Reflect on the day, look forward to the future.
I try to write down affirmations for myself every night.
I’ve been told by many successful people that writing out your hopes and dreams, in the present tense, will train your mind to think toward those positive future things. That kind of forward-thinking and positivity translates into lots of areas of life, and often the story you write starts to come true.
So… I’ve been writing things down, like the script to my future story.
Some of them I believe 100%, some I’m still working on. Some are absolutely positively true at this point in my life, some are very much works in progress. But I write them as though they are true.
I live life with expectancy, and I cast off expectation.
I am capable.
I am available.
I take good care of my body, my heart, my mind, and my soul.
I am comfortable in my own skin.
I live simply and love wildly.
I have access to all the resources I need to take care of all of the details in my life.
I am enough.
I’m trying to be really diligent about it. I want to be positive. I want to be successful. I know that there are messages in my brain that I need to erase and re-write.
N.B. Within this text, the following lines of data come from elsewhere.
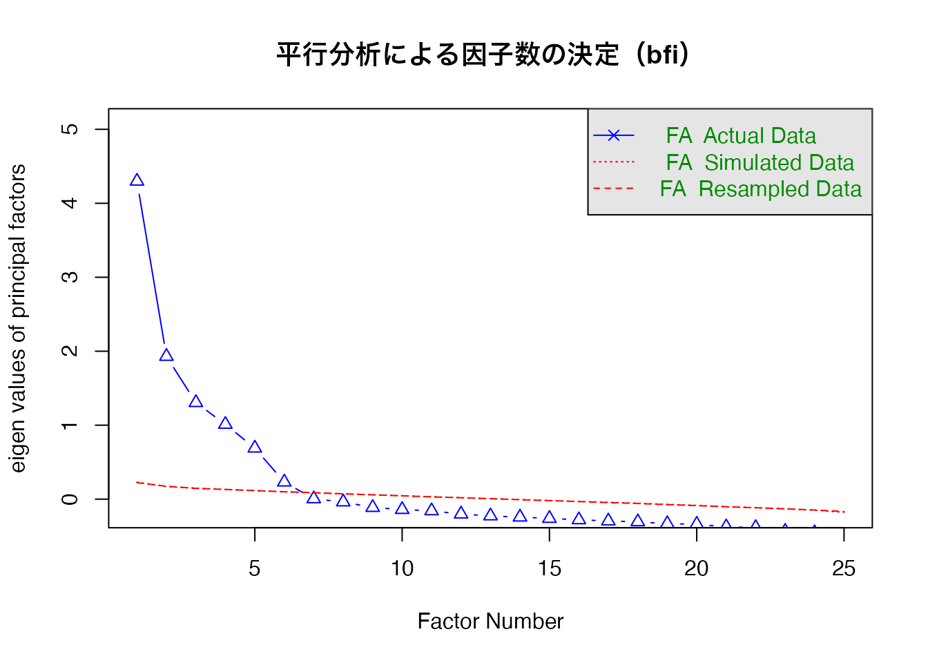 因子数の決定には 平行分析(parallel analysis) が推奨されます。ランダムデータから得られる固有値と実データの固有値を比較し、実データの固有値がランダムデータを上回る因子数を採用します。
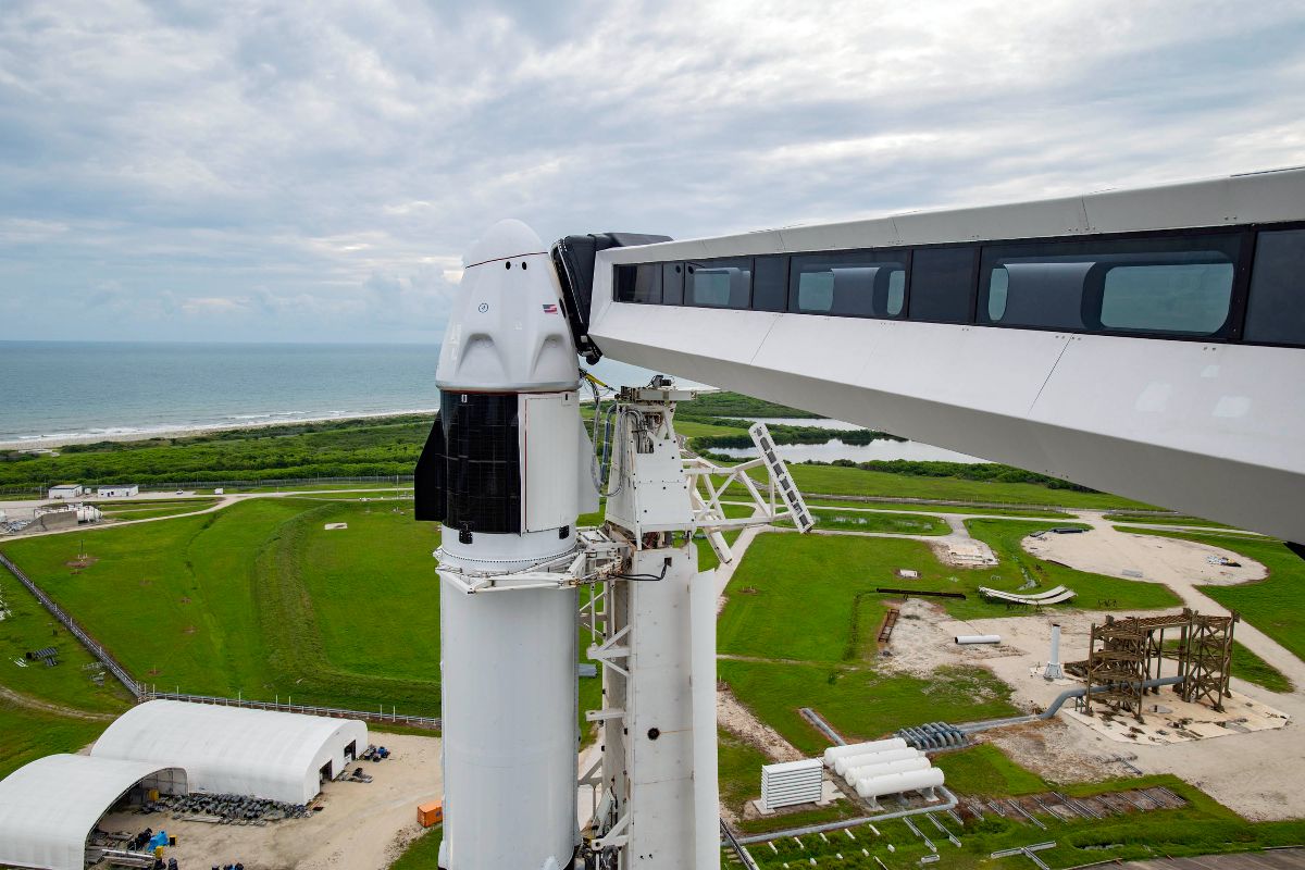 | Inspiration4 awaits launch day on the pad in Florida. |
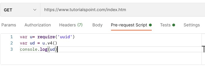 步骤 2 − 在请求前脚本选项卡下添加以下脚本 −
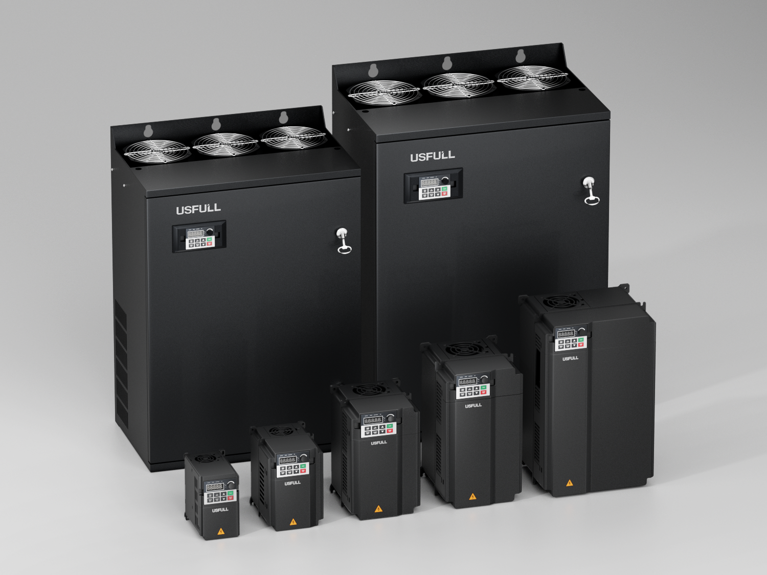USFULL生產涵蓋全功率范圍(0.75kW至630kW)的逆變器,包括通用型號以及針對風扇、水泵、機床主軸等應用的專用型號,能夠滿足精確速度調節和節能的需求。采用智能制造和全流程質量控制。
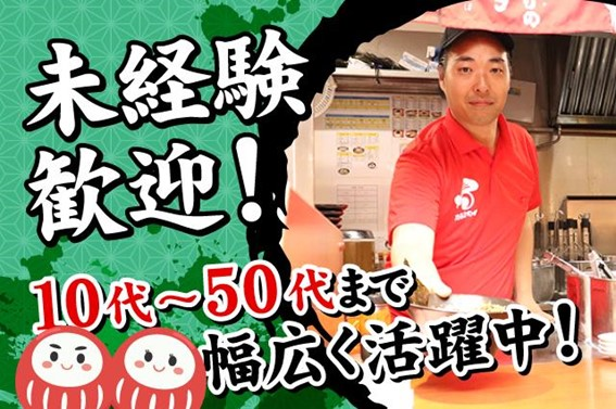 求めている人材 学歴や経験は一切問いません。 ✅未経験者歓迎 ✅アルバイト・パート未経験者歓迎 ✅フリーター歓迎 ✅大学生歓迎 ✅ハローワークで仕事探し中の方歓迎 ✅ミドル・シニア応援 ✅年齢不問 ✅アルバイトデビュー応援 他のアルバイトとの掛け持ちや WワークもOK! 皆さんお気軽にご応募ください! 【活かせる経験】 ☆居酒屋 アルバイト ☆カフェ アルバイト ☆喫茶店・カフェスタッフ ☆飲食店の調理補助 ☆ラーメン店 ホールスタッフ ☆その他レストランなどの ホール・キッチンスタッフ …etc. 10代・20代・30代・ 40代・50代・60代の 幅広い年代のスタッフが活躍中! 特に高校生&大学生~30代を中心に、 主婦(夫)さんや中高年のミドル・シニアなど 様々な方が活躍中です! 気さくで愉快なstaffが 沢山いますので、新人さんも スグに馴染んで楽しくやっています! カフェ・居酒屋・レストラン・ ファストフードなどで 飲食業界職の経験がある方や 接客販売職の経験がある方も活躍中です!

So I do write out my “life script” on LOTS of days.
Some days, it’s hard to look forward.
Some days – when things go haywire no matter what I do, when it’s cloudy, when we’re broke (still), when I feel myself slipping into the low part of my cycle, when I’m all out of space (again)… on those days, it’s hard to write the forward story of my life.
On those days, when I just didn’t feed myself very well and my body and brain are running on fumes, when I’m getting over (another) flu/cold/virus thing, when the wind is howling and my headache is raging, when I’d rather hide in my closet or just runaway… on some of those days I don’t even have the words for my proclamations of belief and hopes for the future.
Sometimes, just BEING, right here, right now, is all I can muster. Surviving.
And that’s still something.
The PRESENT is all we really have – it’s all there really is, and sometimes it’s just too big for me to see beyond it.
Surviving enough of the “some days” will get me to the future, anyway.
Even if I miss writing my script out on some of those days.
Note to self: Not writing on those “some days” isn’t the end of the world. Neither is it going to wreck my future. It’s OK to be gentle with myself.